Data section:
= = =
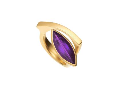 Angela Hübel Lagune Ring Gelbgold mit Amethyst in Navetteform
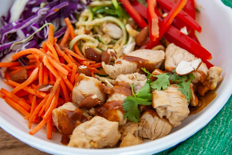 Thai Chicken Zoodle Salad with Spicy Almond Sauce
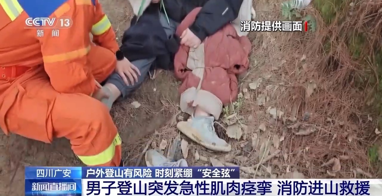 近日,一名男子和同伴在四川广安高兴镇登山游玩时,双腿突然抽筋,并且出现失温症状,丧失行动能力。因报警人无法确定受困者位置,消防员在报警人引导下徒步前往事发地。
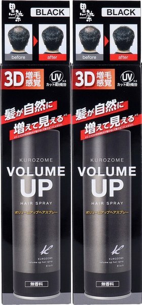 - 2本 黒染 ボリュームアップヘアスプレー ブラック 無香料 150g 髪が自然に増えて見えます。簡単、瞬間 増毛感覚です。
= = =
What needs to be done:
Put each line of the listing above into the copy exactly, dropping the pictures.

Response area:
 Angela Hübel Lagune Ring Gelbgold mit Amethyst in Navetteform
 Thai Chicken Zoodle Salad with Spicy Almond Sauce
 近日,一名男子和同伴在四川广安高兴镇登山游玩时,双腿突然抽筋,并且出现失温症状,丧失行动能力。因报警人无法确定受困者位置,消防员在报警人引导下徒步前往事发地。
 - 2本 黒染 ボリュームアップヘアスプレー ブラック 無香料 150g 髪が自然に増えて見えます。簡単、瞬間 増毛感覚です。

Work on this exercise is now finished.